# Dandylion Greens



## Maidrite (Apr 5, 2005)

Has anyone ever tried Dandylion greens ? I think maybe i will go hunt for some mushrooms they should be popping all over they place!


----------



## Piccolina (Apr 5, 2005)

They're neat in salads, or lightly wilted in a little garlic and olive oil and served with crusty bread. Just use them right away as they don't keep fresh for long once they are picked.

A long time ago my grandparents used to make dandilion wine, but I don't recall ever tasting it.


----------



## choclatechef (Apr 5, 2005)

They are great cooked as greens!  

I blanch them once or twice to get rid of any bitterness first though.  

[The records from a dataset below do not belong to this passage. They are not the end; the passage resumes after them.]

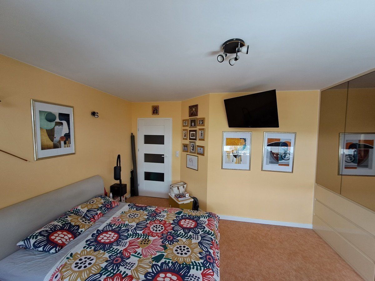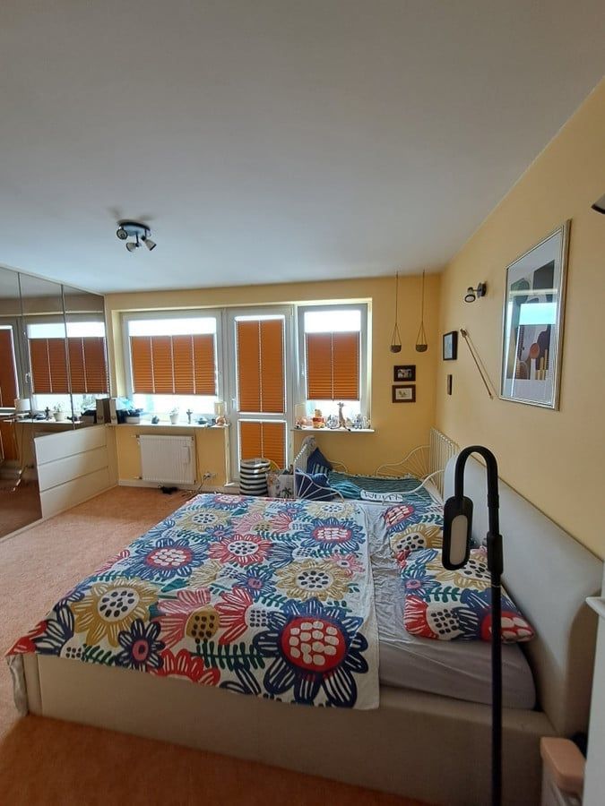 Sypialnia (16,20 m2): wykładzina dywanowa, pod którą są ułożone 2 warstwy płyt z kory dębowej. Szafa wnękowa o szerokości 318 cm i głębokości 61 cm z 6 szufladami. W oknach rolety plisowane. Balkon francuski.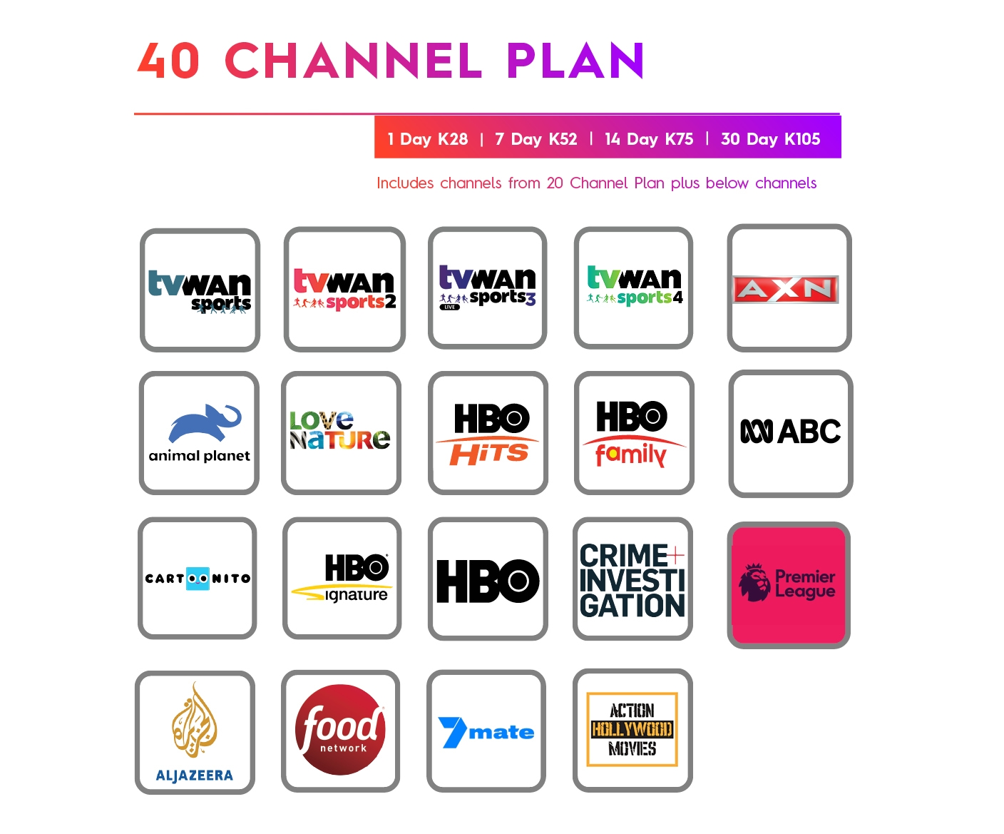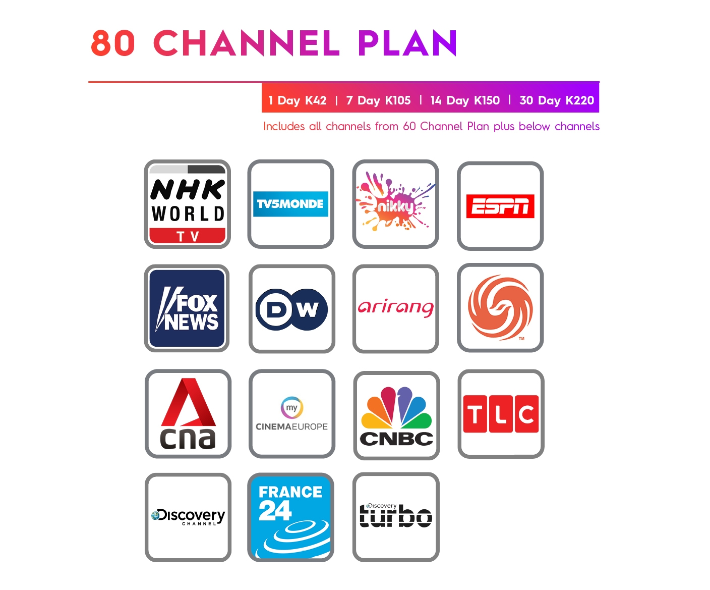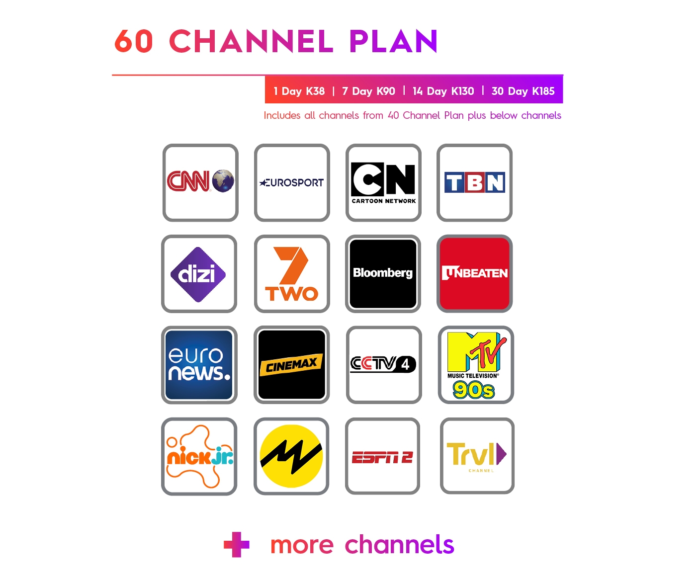 Dial *515# to subscribe to a Residential Prepaid TV Plan and remember to access all 90 channels you need to buy a red dish & decoder.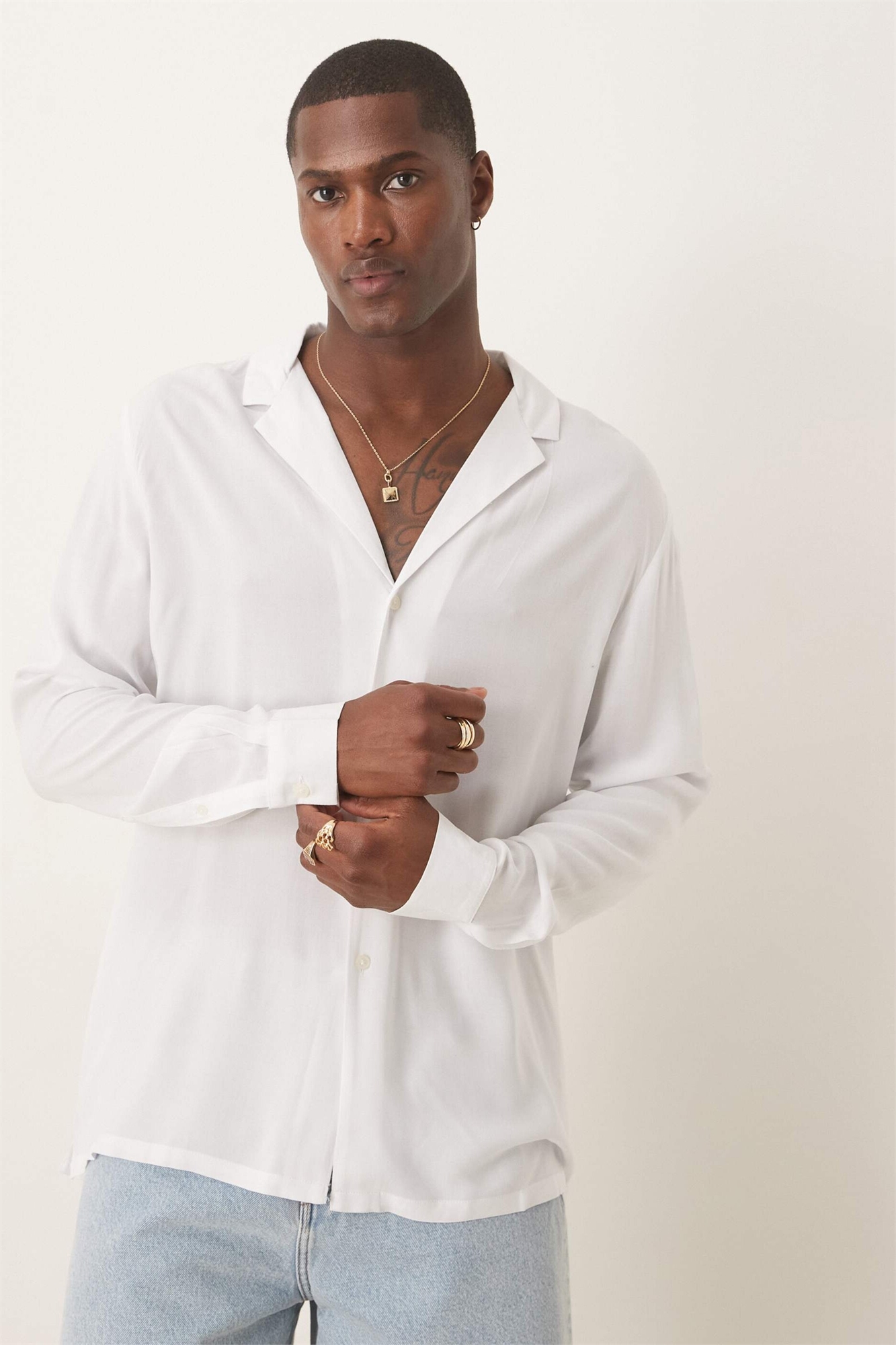 Приталенная вискозная рубашка с глубоким воротником-ревер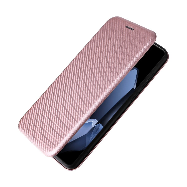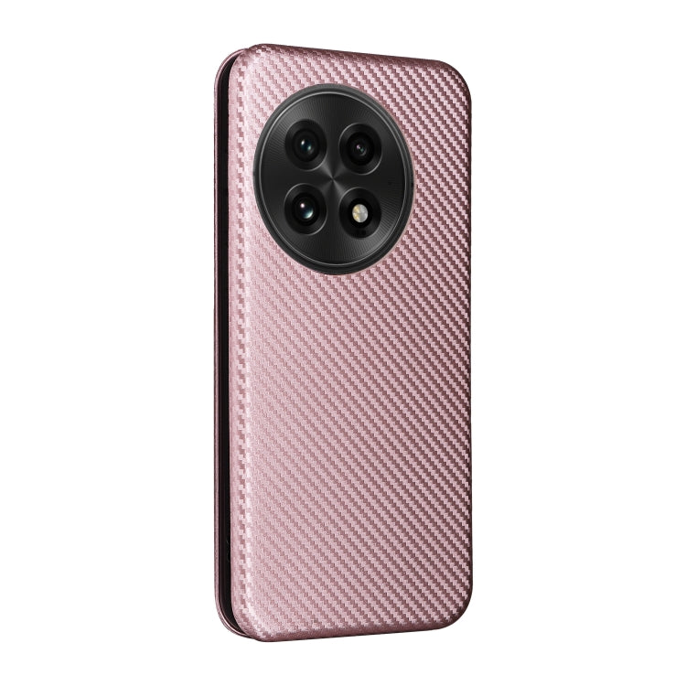 For OnePlus 13 Carbon Fiber Texture Flip Leather Phone Case(Pink)
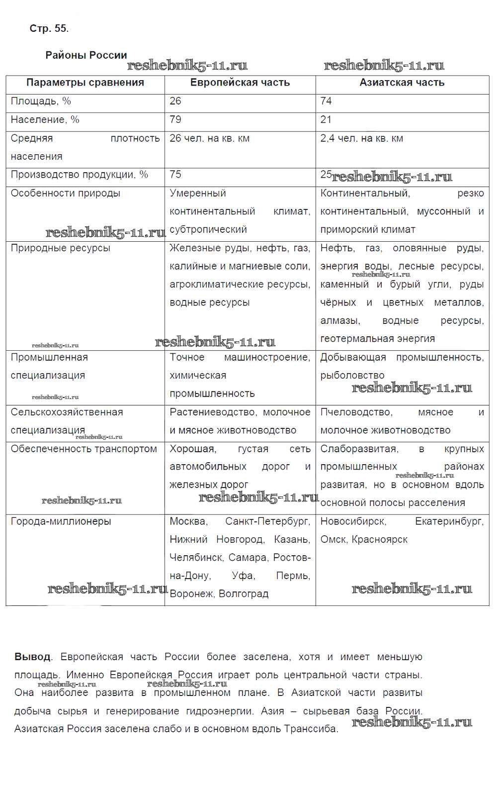 Готовая домашняя работа с ответами по Географии за 9 класс Ким, Марченко, Низовцев Рабочая тетрадь Вертикаль Дрофа 2017 ФГОС - Страницы тетради 55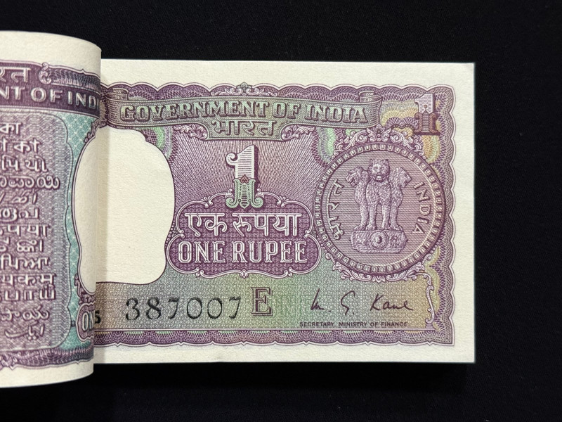 India, 1975 Rupee 1 Complete Serial Bundle, Sign. M.G. Kaul, Inset G, Pick# 77p, (R95 281801)
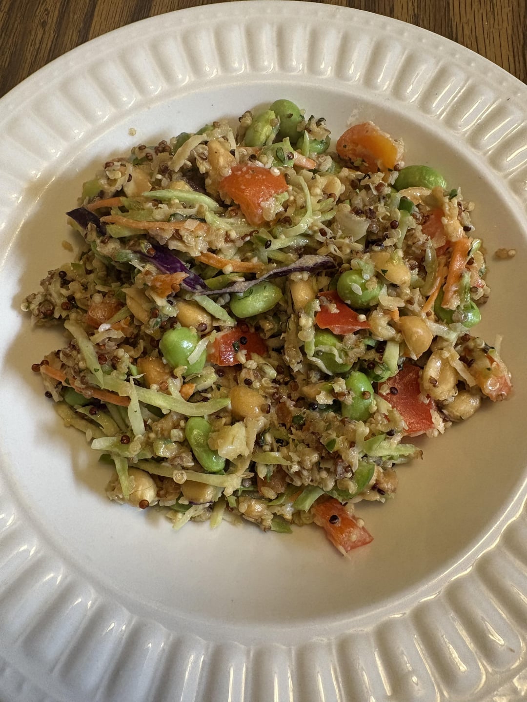 It’s something that probably only tastes good to me, but it’s: quinoa, edamame, jalapeño, Serrano, and bell peppers, carrots, broccoli, red cabbage, garlic, peanuts, coconut, sesame seeds, cilantro, mint, tahini, maple syrup, soy sauce, and lemon juice.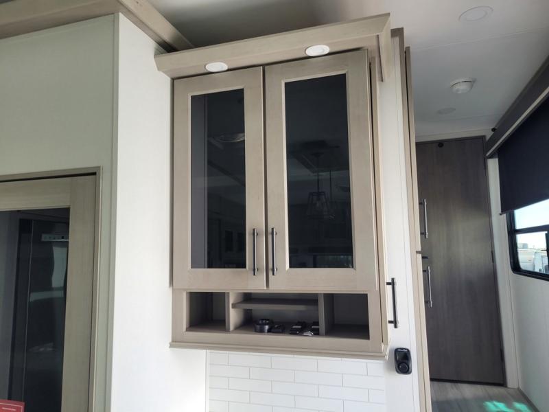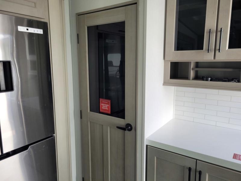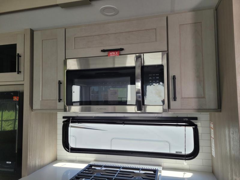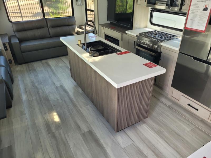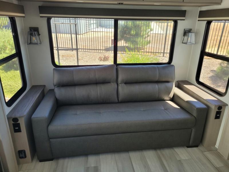 You'll feel right at home in this spacious fifth wheel with triple slides, a front master bedroom, and a kitchen island with extra counter space. The theatre seating is right across from the entertainment center which includes a 40" TV and fireplace, and there is a rear tri-fold sofa if you have any guests staying over. This model includes a hutch in the kitchen with cabinets above to store you nice dishes, plus there is a large pantry with washer and dryer prep if you plan to go full-time. Head to the dual entry bath that includes a linen closet and a spacious shower, and check out the front master bedroom with its queen bed, and slide out wardrobe. You can choose the optional king bed if you enjoy a bit more room in bed!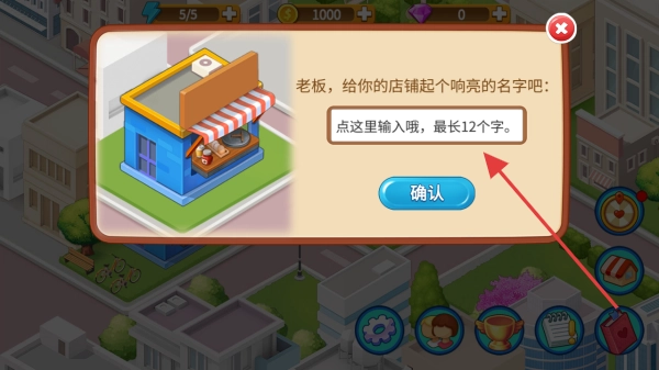 2、给店铺起名最长12字 ,输入后点确认,完成店铺创建,开启经营。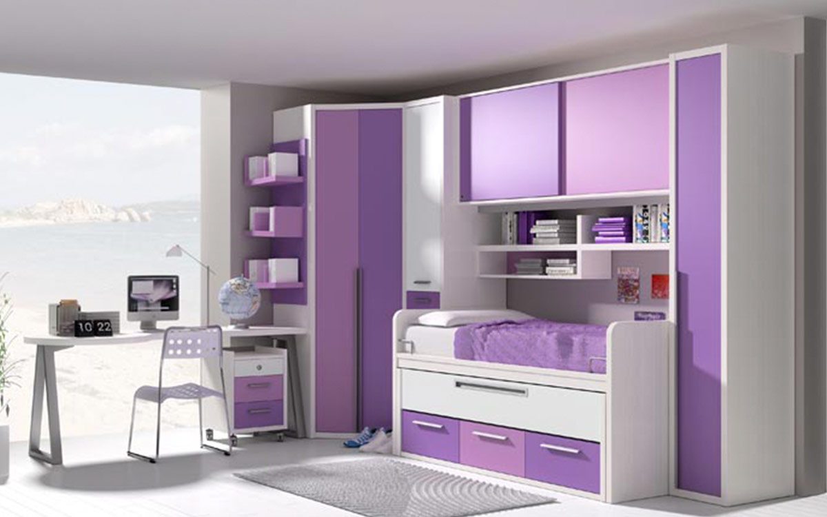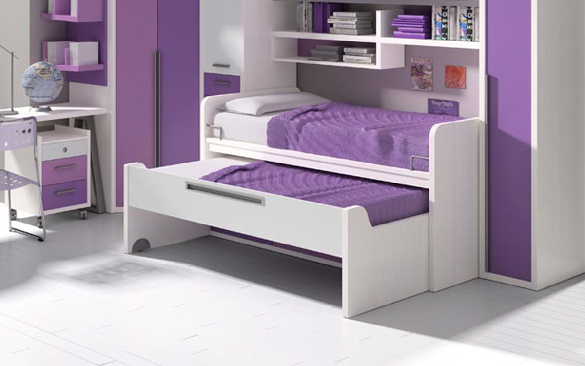 Este tipo de combinaciones son perfectas para habitaciones de planta alargada y estrecha. En una misma pared se puede acoplar la cama nido elevada con el somier extraíble y los cajones inferiores, así como los armarios y estanterías ideales para guardar todas aquellas cosas que los más pequeños de la casa necesitan. Los muebles pueden hacerse a medida y con un coste muy competitivo gracias a su modo de fabricación. Los materiales inocuos y de gran dureza, además, los hacen muy indicados para dormitorios infantiles. Se limpian con facilidad. Pídanos presupuesto en nuestras tiendas de Madrid.

Then I cook them with ham hocks or smoked joe bacon.....great stuff!!!!


----------



## Maidrite (Apr 5, 2005)

Choclatechef can I come over for a meal those dishes sound great, I guess if you let me Barbara will want to come as well   .


----------



## choclatechef (Apr 5, 2005)

Any time, Maidrite.  And use the back door.  You are family.


----------



## Maidrite (Apr 5, 2005)

Thats Great and Thank You I love to feel at home.


----------



## middie (Apr 5, 2005)

i never tried them. sounds interesting.


----------



## kadesma (Apr 5, 2005)

Maiderite,

  My grandpa, use to grpw them...We would wash well, slice thin, dress with evoo and red wine vinegar, added to this would be hard cooked eggs, diced in big chunks, and  sweet red onion in thin slices..Add  salt and fresch cracked pepper and we all just dove in with our hot slices of garlic bread...Ahhhh summertime lunch


----------



## marmalady (Apr 5, 2005)

My Grandma used to make them, but she'd only pick the tiny, little leaves that were still tender. She'd then fry up some bacon, crumble it up; leave some of the bacon grease in the pan, add some sugar, s/p, and the greens, just til they wilted. Served w/'Yankee cornbread'. Yum!


----------



## comissaryqueen (Apr 5, 2005)

Speaking of greens I was just at the library looking for a book on edible wild plants in NC. Couldn't find one. I know about poke and a few other wild greens does anyone know where I can find more info?


----------



## Barbara L (Apr 5, 2005)

Comissaryqueen,

Here are some of the sites I found when I did a search:

Are you near Black Mountain?  This site features a class they will have there:  http://www.localharvest.org/event.jsp?id=2878

http://www.ncnatural.com/wildflwr/

Poisonous plants of NC (good to know what NOT to eat!): http://www.ces.ncsu.edu/depts/hort/consumer/poison/poison.htm

List of books on the subject: http://www.main.nc.us/naturenotebook/books.html

Edible plants newsletter: http://www.wildfoodadventures.com/newsletter.html

I hope this helps.  

 Barbara


----------



## comissaryqueen (Apr 6, 2005)

Thank you sooo much. Yes I'm about an hour from Black Mtn.


----------



## kadesma (Apr 7, 2005)

TE=marmalady]My Grandma used to make them, but she'd only pick the tiny, little leaves that were still tender. She'd then fry up some bacon, crumble it up; leave some of the bacon grease in the pan, add some sugar, s/p, and the greens, just til they wilted. Served w/'Yankee cornbread'. Yum![/QUOTE]Marmalady, yu is right, I'm going to try some this way..I saw some greens in the grocery today and will pick some up on saturday..Thanks for the great idea. 
kadesma


----------



## taffyl3 (Apr 8, 2005)

Dandylion greens were used by my grandmother & mother.  They were dug out of the yard  (no fertilizer then) scrubbed rinsed etc and boiled with salt pork, drained, splashed with vinegar, salt & pepper.  They were soooo good.  Now we use fertilized and weed killer so can't dig then out of the lawn anymore!!


----------



## Maidrite (Apr 8, 2005)

Welcome Taffyl3 and thank You all for your ideas


----------